水田信行の好奇心



「お前聞いてこいよ!」
「イヤや!お前が聞いてこい!」

後ろのほうでやいやい言っとるの全部聞こえとるで、水田くんと山口くん。ちら、と目をやると山口くんが話しかけてきた。なんやの。

「御堂筋くんがいつも話してる女の子って、付き合うとるんか?」
「ハァ?」

こいつも名前ちゃんと同じ事聞くんやな。なんでこうも付き合うとるとか付き合うてないとか聞いてくるんやろか。否定こそしないが自分で言うのもなんやから「うるさいで、早よ準備しい」とだけ言って二人より先に部室の外へ出て行った。


「やっぱ付き合うてないやん!適当言うなやノブ!」
「いや…でも結構見るんやて、二人でおるの。しかもめっちゃカワエエのや!」

ほんまかいな、と山口から疑いの目で見られる。確かにそうや。結構前から二人でおるのは見てる。密かに隠れて見るから、御堂筋くんにはバレてないはずや。それが昨日、一緒に帰っているのを目撃した。あの御堂筋くんが、やで。これは絶対何かあるはずや。ここ最近御堂筋くんのタイムが伸びてきてるのも、なんか関係してるんとちがうやろか。そう思って今日一日御堂筋くんに探りを入れようと目論んだ。

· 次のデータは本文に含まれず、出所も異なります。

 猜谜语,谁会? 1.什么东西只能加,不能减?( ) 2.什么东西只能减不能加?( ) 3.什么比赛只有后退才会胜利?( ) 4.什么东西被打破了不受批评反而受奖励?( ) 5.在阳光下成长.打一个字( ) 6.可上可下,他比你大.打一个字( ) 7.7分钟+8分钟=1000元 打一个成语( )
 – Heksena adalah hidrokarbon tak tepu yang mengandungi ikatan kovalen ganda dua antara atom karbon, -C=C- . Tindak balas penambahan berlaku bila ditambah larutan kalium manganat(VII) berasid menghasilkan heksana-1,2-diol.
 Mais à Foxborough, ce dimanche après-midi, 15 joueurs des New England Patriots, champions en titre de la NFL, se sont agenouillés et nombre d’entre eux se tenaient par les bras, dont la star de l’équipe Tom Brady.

今日はAコースの練習レースや。スタートと同時に離されんうちに御堂筋くんの横につく。

「今日はええ天気やな、御堂筋クン!」
「見て分かるわ、無駄口叩くな阿呆」

こっちを一切見ようとはせずにそれだけ言うと引き離しにかかる。まだや!まだ諦めへんで!慌てて追いかけるとジロリと大きな目で睨まれた。

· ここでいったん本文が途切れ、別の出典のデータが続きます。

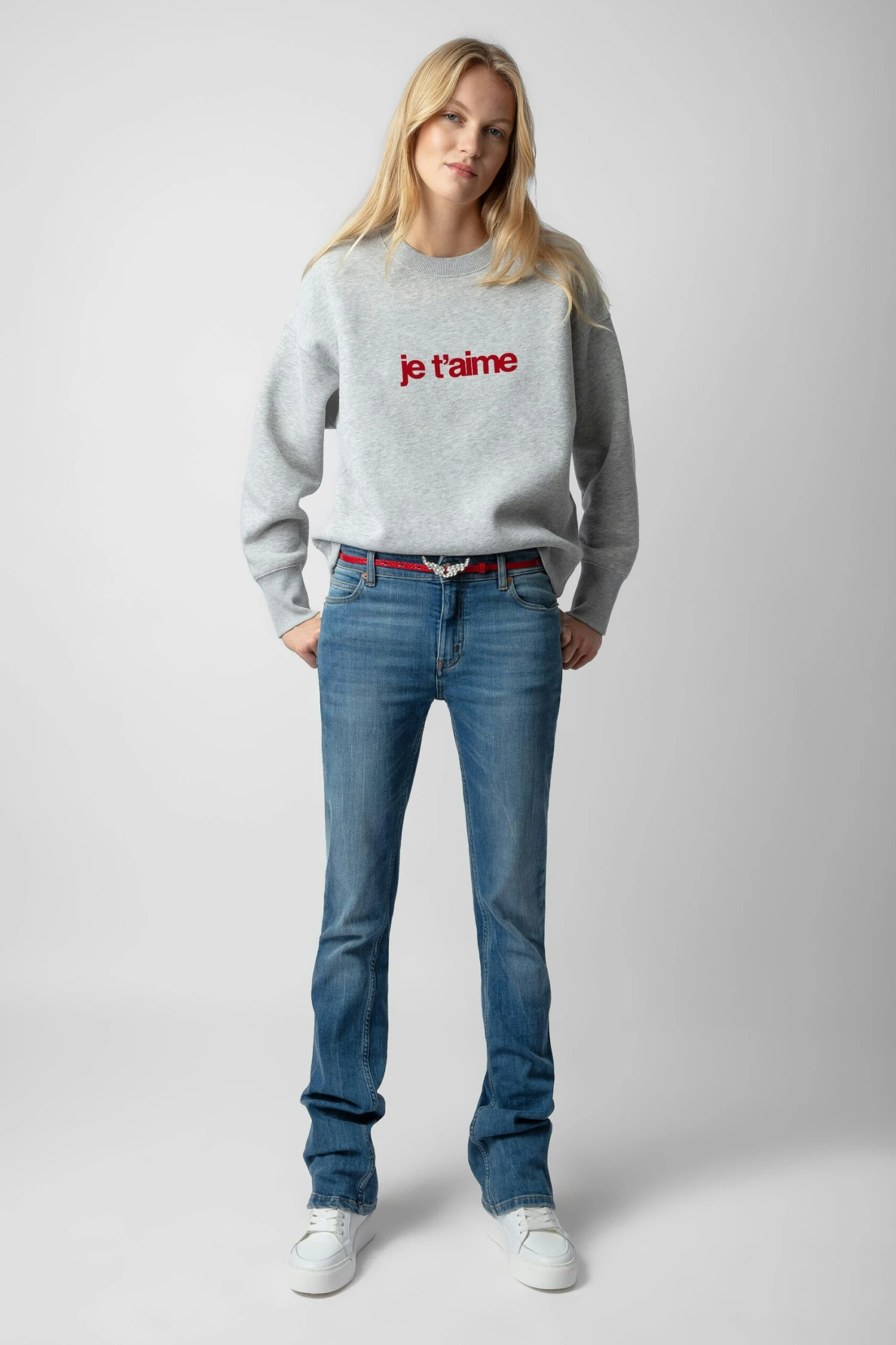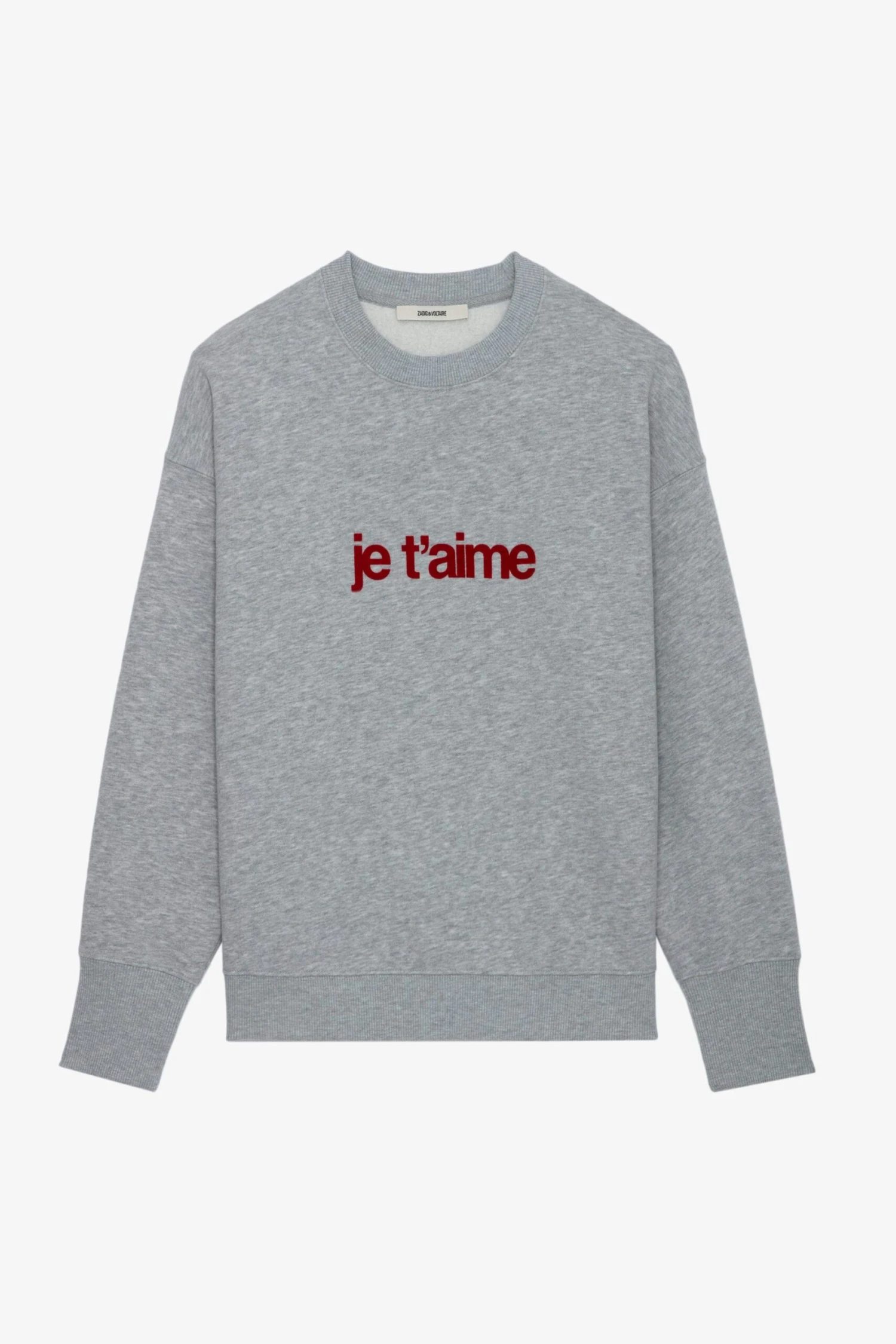 – Women’s light grey marl sweatshirt – Contrasting “Je t’aime” flocked slogan – Round neckline, long sleeves and ribbed trim Model is 180 cm / 5′ 10″ and is wearing a size S*Contains 51% organically grown cottonOCS certification guarantees the presence and the quantity of organic material in the product. It also ensures the end-to-end traceability of the organic material through the supply chain.

「御堂筋くんが一緒におる子、カワエエな!俺らの中でも噂なってんで」
「…ほうか」
「(そこは否定せんのやな…)それでな、御堂筋クンがもし付き合うてへんのやったら、色々知りたいなー思ってな、あの子の事」

因みにクラスの友達からも言われてんのや。あのヒョロ長い男、チャリ部んとこのやろ?紹介してくれ、てな。周りの奴らは御堂筋くんとその女の子が付き合うてるとは思ってもないみたいやけど。

「…やめや」
「ん?何?」
「名前ちゃんにちょっかい出すのやめろ言うとんねん」

そう言うと御堂筋くんは一気に加速してもうた。あかん、追いつけへん。それより何や?今の。やっぱ付き合うとるんか?名前ちゃん、いうのかあの子。待って、御堂筋くん、俺まだ聞きたいことめっちゃあんのやけど!抑えきれない好奇心を胸にケイデンスをあげて御堂筋くんの後を追った。


「山口!やっぱ御堂筋くんの彼女や!」
「は?なんで分かるんや」
「それがな、…あ!御堂筋くん」
「なんやの」

部活を終えたところに御堂筋くんがやってきた。心底うざったそうに見てくるけどこの際どーでもええわ!

「やっぱり御堂筋くんの彼女やったんやな!」
「せやったらなんなん?騒々しいわ、黙ってくれる」

ホラな、と言わんばかりに山口の顔を見た。驚いてる。めちゃめちゃ驚いてる。せや、否定せんのや、彼女やいうことに。この日の任務を終えた俺は清々しく部室を去った。